Norwich Mayor Peter Nystrom said he visited Starrwood on Thursday to talk to the store manager but has known for a few months that the store was planning to close.
Nystrom said he and the Norwich Community Development Corp., the city's economic development agency, will try to help the store owners find a new location in the Taftville area for the neighborhood grocery store.
"Certainly, a grocery in Taftville would make sense with everything going on there," Nystrom said. "I told them I would work with them in any way I can to keep them in the city."
The market is a short distance from the Ponemah Mill complex, which is being renovated into 237 apartments called the Lofts at Ponemah Mill, and a second 169-unit complex, The Hills at Riverview, both on Route 97 in Taftville.

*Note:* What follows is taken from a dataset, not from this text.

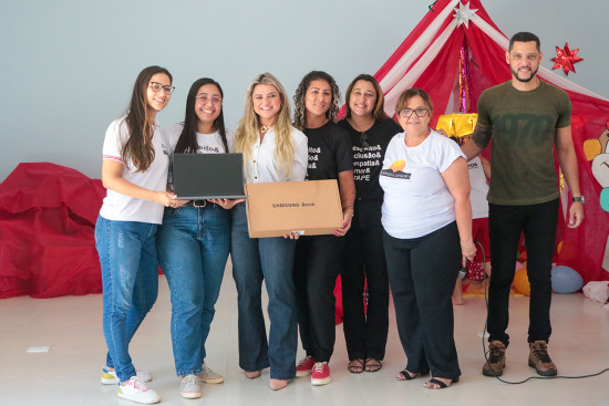 Materiais como notebooks, data show e piscinas, que foram adquiridos através de emendas parlamentares, foram entregues pela primeira-dama Tassiana Oliveira

Nystrom said the store owners were frustrated at the lack of maintenance by the building owner over the years. The grocery store freezer units are considered part of the building, and they have been failing. The units are so old, it has been difficult for the store owners to get parts, he said, and they ran into problems at times with the health department.
The freezer units have been damaged by water from the leaking roof, Nystrom said.

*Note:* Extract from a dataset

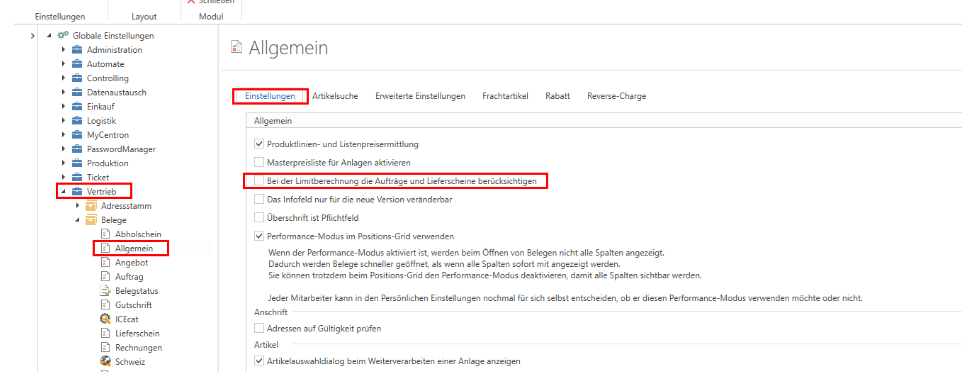 Limit: Hier können Sie ein Limit in Brutto eintragen z.B. für Erstbesteller/Neukunden/usw. Dadurch werden Sie darauf aufmerksam gemacht, sobald der Kunde dieses Limit überschreitet. Standardmäßig werden dafür nur Rechnungen miteinberechnet. In den globalen Einstellungen haben Sie jedoch die Möglichkeit noch weitere Belegarten einrechnen zu lassen.

Nystrom said the taxes are current on the building, but he is concerned that given the condition of the building, it would be difficult to find a new tenant.
"It's unfortunate that we're losing any food service and food providers to the area," said Finbar O'Neill, director of operations for the developer of Ponemah Mill. "I really was hoping that we'd be gaining some rather than losing them."
He said he'd love to have something like Starrwood at Ponemah Mill, and that he would have a consultant reach out to the market owners. OneKey LLC, which is developing the apartments in the largest mill building, also owns a second building in the complex and recently purchased a commercial building across from the mill.
Shoppers leaving Starrwood on Thursday expressed disappointment at the loss of a convenient option, and that they would now have to go to a chain like Stop & Shop or Walmart.
Laurie Remondi, who said she has been shopping at Starrwood for 13 or 14 years, said the imminent closure doesn't surprise her, because she's been watching the store go backwards.
But with its location between her home and the barn where she has a horse, Starrwood has been convenient for her.
"I just hope that somebody else takes over and another grocery store comes back," she said.